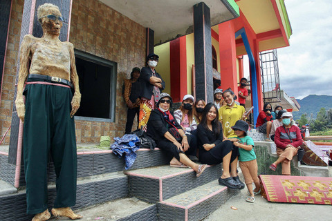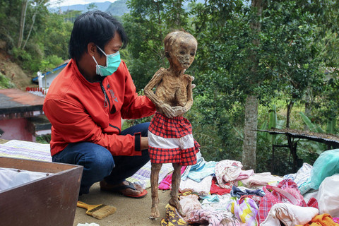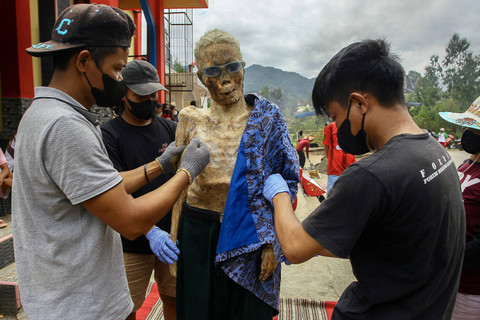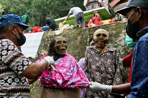 Anggota keluarga dari suku Toraja menangani jenazah mendiang kerabat mereka dalam serangkaian upacara adat untuk menghormati orang mati yang dikenal sebagai "Ma'nene", di Lempo Desa Po'ton di Toraja Utara, Sulawesi Selatan, pada 24 Agustus 2024.
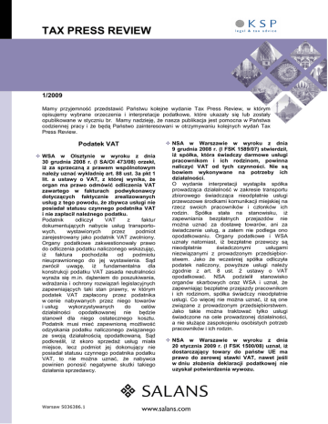 TAX PRESS REVIEW 1/2009 Mamy przyjemność przedstawić Państwu kolejne wydanie Tax Press Review, w którym opisujemy wybrane orzeczenia i interpretacje podatkowe, które ukazały się lub zostały opublikowane w styczniu br. Mamy nadzieję, Ŝe nasza publikacja jest pomocna w Państwa codziennej pracy i Ŝe będą Państwo zainteresowani w otrzymywaniu kolejnych wydań Tax Press Review. Podatek VAT WSA w Olsztynie w wyroku z dnia 30 grudnia 2008 r. (I SA/Ol 473/08) orzekł, iŜ za sprzeczną z prawem wspólnotowym naleŜy uznać wykładnię art. 88 ust. 3a pkt 1 lit. a ustawy o VAT, z której wynika, Ŝe organ ma prawo odmówić odliczenia VAT zawartego w fakturach podwykonawcy dotyczących faktycznie zrealizowanych usług z tego powodu, Ŝe zbywca usługi nie posiadał statusu czynnego podatnika VAT i nie zapłacił naleŜnego podatku. Podatnik odliczył VAT z faktur dokumentujących nabycie usług transportowych, wystawionych przez podmiot zarejestrowany jako podatnik VAT zwolniony. Organy podatkowe zakwestionowały prawo do odliczenia podatku naliczonego wskazując, iŜ faktura pochodziła od podmiotu nieuprawnionego do jej wystawienia. Sąd zwrócił uwagę, iŜ fundamentalna dla konstrukcji podatku VAT zasada neutralności wyraŜa się m.in. dąŜeniem do poszukiwania, wdraŜania i ochrony rozwiązań legislacyjnych zapewniających taki stan prawny, w którym podatek VAT zapłacony przez podatnika w cenie nabywanych przez niego towarów i usług wykorzystywanych do celów działalności opodatkowanej nie będzie stanowił dla niego ostatecznego kosztu. Podatnik musi mieć zapewnioną moŜliwość odzyskania podatku naliczonego związanego ze swoją działalnością opodatkowaną. Sąd podkreślił, iŜ skoro sprzedaŜ usług miała miejsce, lecz podmiot jej dokonujący nie posiadał statusu czynnego podatnika podatku VAT, to nie moŜna uznać, Ŝe nabywca powinien ponosić negatywne skutki takiego działania sprzedawcy. Warsaw 5036386.1 NSA w Warszawie w wyroku z dnia 9 grudnia 2008 r. (I FSK 1589/07) stwierdził, iŜ spółka, która świadczy darmowe usługi pracownikom i ich rodzinom, powinna naliczyć VAT od tych czynności. Nie są bowiem wykonywane na potrzeby ich działalności. O wydanie interpretacji wystąpiła spółka prowadząca działalność w zakresie transportu zbiorowego świadcząca nieodpłatnie usługi przewozowe środkami komunikacji miejskiej na rzecz swoich pracowników i członków ich rodzin. Spółka stała na stanowisku, iŜ zapewniania bezpłatnych przejazdów nie moŜna uznać za dostawę towarów, ani za świadczenie usług, a zatem nie podlega ono opodatkowaniu. Organy podatkowe i WSA uznały natomiast, iŜ bezpłatne przewozy są nieodpłatnie świadczonymi usługami niezwiązanymi z prowadzonym przedsiębiorstwem. Jako Ŝe wcześniej spółka odliczyła podatek naliczony, powyŜsze usługi naleŜy zgodnie z art. 8 ust. 2 ustawy o VAT opodatkować. NSA podzielił stanowisko organów skarbowych oraz WSA i uznał, Ŝe zapewniając bezpłatne przejazdy pracownikom i ich rodzinom, spółka świadczy nieodpłatnie usługi. Co więcej nie moŜna uznać, iŜ są one związane z prowadzonym przedsiębiorstwem. Jako takie moŜna traktować tylko usługi świadczone na cele prowadzonej działalności, a nie słuŜące zaspokojeniu osobistych potrzeb pracowników i ich rodzin. NSA w Warszawie w wyroku z dnia 20 stycznia 2009 r. (I FSK 1500/08) uznał, iŜ dostarczający towary do państw UE ma prawo do zerowej stawki VAT, nawet jeśli w dniu złoŜenia deklaracji podatkowej nie uzyskał potwierdzenia wywozu. O wydanie interpretacji wnioskowała spółka dostarczająca produkty podmiotom z innych państw Unii. Zdaniem spółki, w przypadku, gdy w momencie składania deklaracji VAT-7 za dany okres rozliczeniowy nie posiada ona wszystkich dokumentów potwierdzających dokonanie wewnątrzwspólnotowej dostawy, w ewidencji podatkowej powinna wykazać takie transakcje jako dostawy na terytorium kraju. Nie musi ich jednak wykazywać w deklaracji VAT-7, ani uiszczać podatku. Ministerstwo Finansów oraz WSA uznały jednak, iŜ w powyŜszej sytuacji w deklaracji VAT-7 spółka powinna wykazać dostawę krajową i zapłacić naleŜny podatek. NSA podzielił stanowisko spółki. Wskazał, iŜ brak dokumentów potwierdzających wywóz towarów przed złoŜeniem deklaracji podatkowej za dany okres rozliczeniowy, gdy faktycznie nastąpił wywóz w ramach wewnątrzwspólnotowej dostawy towarów, nie powoduje powstania obowiązku opodatkowania takiej transakcji zgodnie z zasadami właściwymi dla dostaw krajowych, przy zastosowaniu stawki 22%. Zgodnie z art. 42 ust. 12 ustawy o VAT spółka musi jedynie ująć taką transakcję w ewidencji podatkowej jako dostawę krajową. ETS w wyroku z dnia 15 stycznia 2009 r. w sprawie spółki K-1 (C-502/07) orzekł, iŜ dodatkowe zobowiązanie podatkowe w podatku VAT nie jest sprzeczne z prawem wspólnotowym. Urząd skarbowy stwierdził, iŜ spółka zawyŜyła w deklaracji podatek naliczony i określił za ten miesiąc dodatkowe zobowiązanie podatkowe. Spółka wniosła odwołanie do Izby Skarbowej, a następnie skargę do WSA, zarzucając niezgodność dodatkowej sankcji podatkowej z przepisami wspólnotowymi. Ani organ podatkowy drugiej instancji ani WSA nie podzieliły stanowiska spółki, która wniosła skargę kasacyjną. NSA zwrócił się do ETS Warsaw 5036386.1 z pytaniem prejudycjalnym. Trybunał stwierdził, iŜ dodatkowe zobowiązanie podatkowe nie ma cech podatku VAT, a w szczególności zdarzeniem podatkowym powodującym powstanie tego zobowiązania jest błąd w deklaracji podatkowej, a nie czynność opodatkowana. Ponadto kwota zobowiązania nie jest określana proporcjonalnie do ceny otrzymanej przez podatnika. A zatem nie jest to podatek a sankcja administracyjna nakładana w razie stwierdzenia, Ŝe podatnik zadeklarował kwotę zwrotu róŜnicy VAT lub zwrotu podatku naliczonego wyŜszą od kwoty naleŜnej. ETS pod
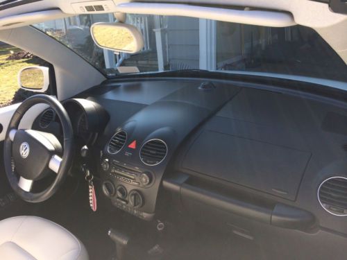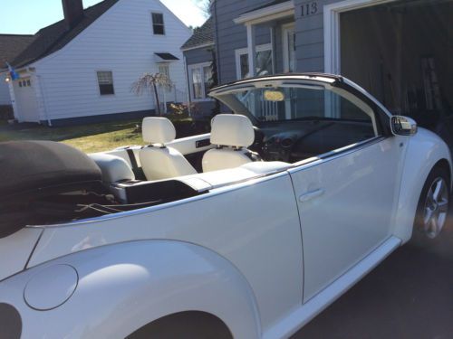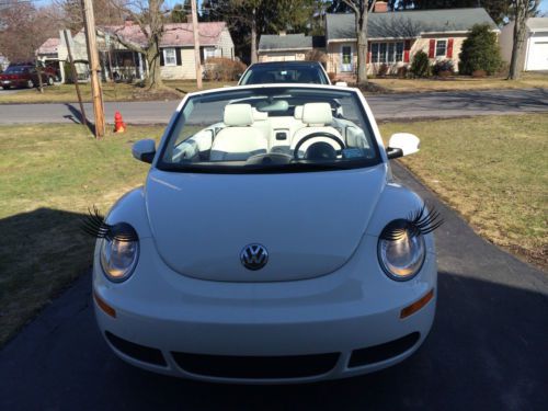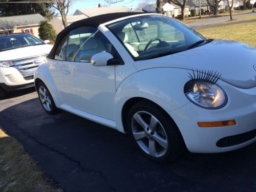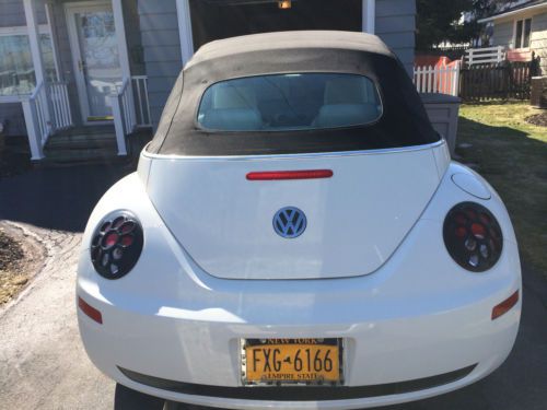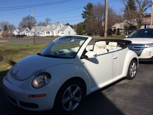 2007 Triple White VW New Beetle convertible, white leather seats with black soft top. 54,600 miles Dealer serviced New tires New Battery Reliable fun car Stored in garage for Winters. Adorable eyelashes and daisy tail light covers. Adult owned!!!!!!!!!!!!!!!!
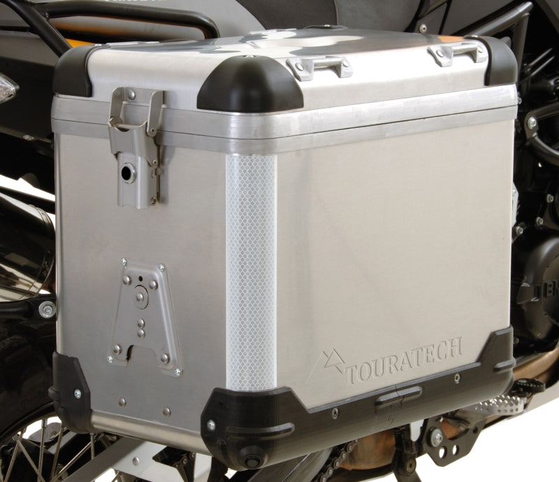 Безпека перш за все! Ми пропонуємо ці світловідбиваючі смуги 3M, вирізані спеціально для країв ZEGA Pro / ZEGA Pro2. Цей же матеріал використовується для підсвічування причепів вантажних автомобілів. Добре помітний і відповідної міцності. Деталі в комплекті: 2 частини Ширина: 55 мм ПРИМІТКА: Підходить до алюмінієвих корпусів універсально! F.ex. оригінальний алюмінієвий корпус BMW R1200GS-ADV або BMW F800GS.
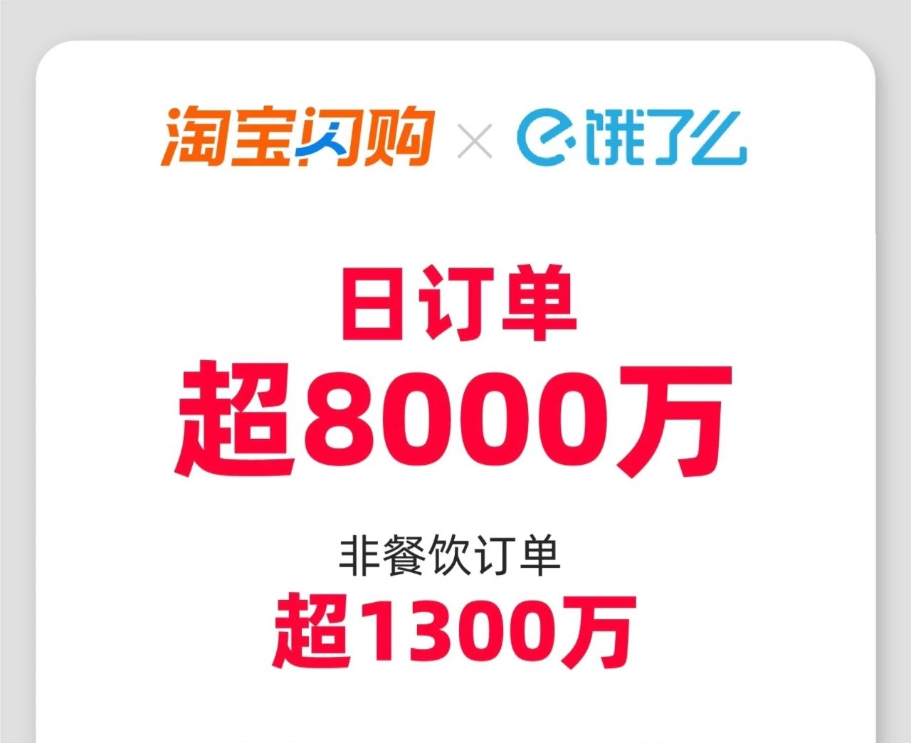 淘宝闪购与饿了么今日联合宣布平台日订单总量突破8000万大关,非餐饮类订单强势攀升至1300万以上,日活跃用户规模超2亿。

**ASSIGNMENT**
Take the data above and repeat it exactly, leaving each picture out.

**RESULT**
 Anggota keluarga dari suku Toraja menangani jenazah mendiang kerabat mereka dalam serangkaian upacara adat untuk menghormati orang mati yang dikenal sebagai "Ma'nene", di Lempo Desa Po'ton di Toraja Utara, Sulawesi Selatan, pada 24 Agustus 2024.
 TAX PRESS REVIEW 1/2009 Mamy przyjemność przedstawić Państwu kolejne wydanie Tax Press Review, w którym opisujemy wybrane orzeczenia i interpretacje podatkowe, które ukazały się lub zostały opublikowane w styczniu br. Mamy nadzieję, Ŝe nasza publikacja jest pomocna w Państwa codziennej pracy i Ŝe będą Państwo zainteresowani w otrzymywaniu kolejnych wydań Tax Press Review. Podatek VAT WSA w Olsztynie w wyroku z dnia 30 grudnia 2008 r. (I SA/Ol 473/08) orzekł, iŜ za sprzeczną z prawem wspólnotowym naleŜy uznać wykładnię art. 88 ust. 3a pkt 1 lit. a ustawy o VAT, z której wynika, Ŝe organ ma prawo odmówić odliczenia VAT zawartego w fakturach podwykonawcy dotyczących faktycznie zrealizowanych usług z tego powodu, Ŝe zbywca usługi nie posiadał statusu czynnego podatnika VAT i nie zapłacił naleŜnego podatku. Podatnik odliczył VAT z faktur dokumentujących nabycie usług transportowych, wystawionych przez podmiot zarejestrowany jako podatnik VAT zwolniony. Organy podatkowe zakwestionowały prawo do odliczenia podatku naliczonego wskazując, iŜ faktura pochodziła od podmiotu nieuprawnionego do jej wystawienia. Sąd zwrócił uwagę, iŜ fundamentalna dla konstrukcji podatku VAT zasada neutralności wyraŜa się m.in. dąŜeniem do poszukiwania, wdraŜania i ochrony rozwiązań legislacyjnych zapewniających taki stan prawny, w którym podatek VAT zapłacony przez podatnika w cenie nabywanych przez niego towarów i usług wykorzystywanych do celów działalności opodatkowanej nie będzie stanowił dla niego ostatecznego kosztu. Podatnik musi mieć zapewnioną moŜliwość odzyskania podatku naliczonego związanego ze swoją działalnością opodatkowaną. Sąd podkreślił, iŜ skoro sprzedaŜ usług miała miejsce, lecz podmiot jej dokonujący nie posiadał statusu czynnego podatnika podatku VAT, to nie moŜna uznać, Ŝe nabywca powinien ponosić negatywne skutki takiego działania sprzedawcy. Warsaw 5036386.1 NSA w Warszawie w wyroku z dnia 9 grudnia 2008 r. (I FSK 1589/07) stwierdził, iŜ spółka, która świadczy darmowe usługi pracownikom i ich rodzinom, powinna naliczyć VAT od tych czynności. Nie są bowiem wykonywane na potrzeby ich działalności. O wydanie interpretacji wystąpiła spółka prowadząca działalność w zakresie transportu zbiorowego świadcząca nieodpłatnie usługi przewozowe środkami komunikacji miejskiej na rzecz swoich pracowników i członków ich rodzin. Spółka stała na stanowisku, iŜ zapewniania bezpłatnych przejazdów nie moŜna uznać za dostawę towarów, ani za świadczenie usług, a zatem nie podlega ono opodatkowaniu. Organy podatkowe i WSA uznały natomiast, iŜ bezpłatne przewozy są nieodpłatnie świadczonymi usługami niezwiązanymi z prowadzonym przedsiębiorstwem. Jako Ŝe wcześniej spółka odliczyła podatek naliczony, powyŜsze usługi naleŜy zgodnie z art. 8 ust. 2 ustawy o VAT opodatkować. NSA podzielił stanowisko organów skarbowych oraz WSA i uznał, Ŝe zapewniając bezpłatne przejazdy pracownikom i ich rodzinom, spółka świadczy nieodpłatnie usługi. Co więcej nie moŜna uznać, iŜ są one związane z prowadzonym przedsiębiorstwem. Jako takie moŜna traktować tylko usługi świadczone na cele prowadzonej działalności, a nie słuŜące zaspokojeniu osobistych potrzeb pracowników i ich rodzin. NSA w Warszawie w wyroku z dnia 20 stycznia 2009 r. (I FSK 1500/08) uznał, iŜ dostarczający towary do państw UE ma prawo do zerowej stawki VAT, nawet jeśli w dniu złoŜenia deklaracji podatkowej nie uzyskał potwierdzenia wywozu. O wydanie interpretacji wnioskowała spółka dostarczająca produkty podmiotom z innych państw Unii. Zdaniem spółki, w przypadku, gdy w momencie składania deklaracji VAT-7 za dany okres rozliczeniowy nie posiada ona wszystkich dokumentów potwierdzających dokonanie wewnątrzwspólnotowej dostawy, w ewidencji podatkowej powinna wykazać takie transakcje jako dostawy na terytorium kraju. Nie musi ich jednak wykazywać w deklaracji VAT-7, ani uiszczać podatku. Ministerstwo Finansów oraz WSA uznały jednak, iŜ w powyŜszej sytuacji w deklaracji VAT-7 spółka powinna wykazać dostawę krajową i zapłacić naleŜny podatek. NSA podzielił stanowisko spółki. Wskazał, iŜ brak dokumentów potwierdzających wywóz towarów przed złoŜeniem deklaracji podatkowej za dany okres rozliczeniowy, gdy faktycznie nastąpił wywóz w ramach wewnątrzwspólnotowej dostawy towarów, nie powoduje powstania obowiązku opodatkowania takiej transakcji zgodnie z zasadami właściwymi dla dostaw krajowych, przy zastosowaniu stawki 22%. Zgodnie z art. 42 ust. 12 ustawy o VAT spółka musi jedynie ująć taką transakcję w ewidencji podatkowej jako dostawę krajową. ETS w wyroku z dnia 15 stycznia 2009 r. w sprawie spółki K-1 (C-502/07) orzekł, iŜ dodatkowe zobowiązanie podatkowe w podatku VAT nie jest sprzeczne z prawem wspólnotowym. Urząd skarbowy stwierdził, iŜ spółka zawyŜyła w deklaracji podatek naliczony i określił za ten miesiąc dodatkowe zobowiązanie podatkowe. Spółka wniosła odwołanie do Izby Skarbowej, a następnie skargę do WSA, zarzucając niezgodność dodatkowej sankcji podatkowej z przepisami wspólnotowymi. Ani organ podatkowy drugiej instancji ani WSA nie podzieliły stanowiska spółki, która wniosła skargę kasacyjną. NSA zwrócił się do ETS Warsaw 5036386.1 z pytaniem prejudycjalnym. Trybunał stwierdził, iŜ dodatkowe zobowiązanie podatkowe nie ma cech podatku VAT, a w szczególności zdarzeniem podatkowym powodującym powstanie tego zobowiązania jest błąd w deklaracji podatkowej, a nie czynność opodatkowana. Ponadto kwota zobowiązania nie jest określana proporcjonalnie do ceny otrzymanej przez podatnika. A zatem nie jest to podatek a sankcja administracyjna nakładana w razie stwierdzenia, Ŝe podatnik zadeklarował kwotę zwrotu róŜnicy VAT lub zwrotu podatku naliczonego wyŜszą od kwoty naleŜnej. ETS pod
 2007 Triple White VW New Beetle convertible, white leather seats with black soft top. 54,600 miles Dealer serviced New tires New Battery Reliable fun car Stored in garage for Winters. Adorable eyelashes and daisy tail light covers. Adult owned!!!!!!!!!!!!!!!!
 Безпека перш за все! Ми пропонуємо ці світловідбиваючі смуги 3M, вирізані спеціально для країв ZEGA Pro / ZEGA Pro2. Цей же матеріал використовується для підсвічування причепів вантажних автомобілів. Добре помітний і відповідної міцності. Деталі в комплекті: 2 частини Ширина: 55 мм ПРИМІТКА: Підходить до алюмінієвих корпусів універсально! F.ex. оригінальний алюмінієвий корпус BMW R1200GS-ADV або BMW F800GS.
 淘宝闪购与饿了么今日联合宣布平台日订单总量突破8000万大关,非餐饮类订单强势攀升至1300万以上,日活跃用户规模超2亿。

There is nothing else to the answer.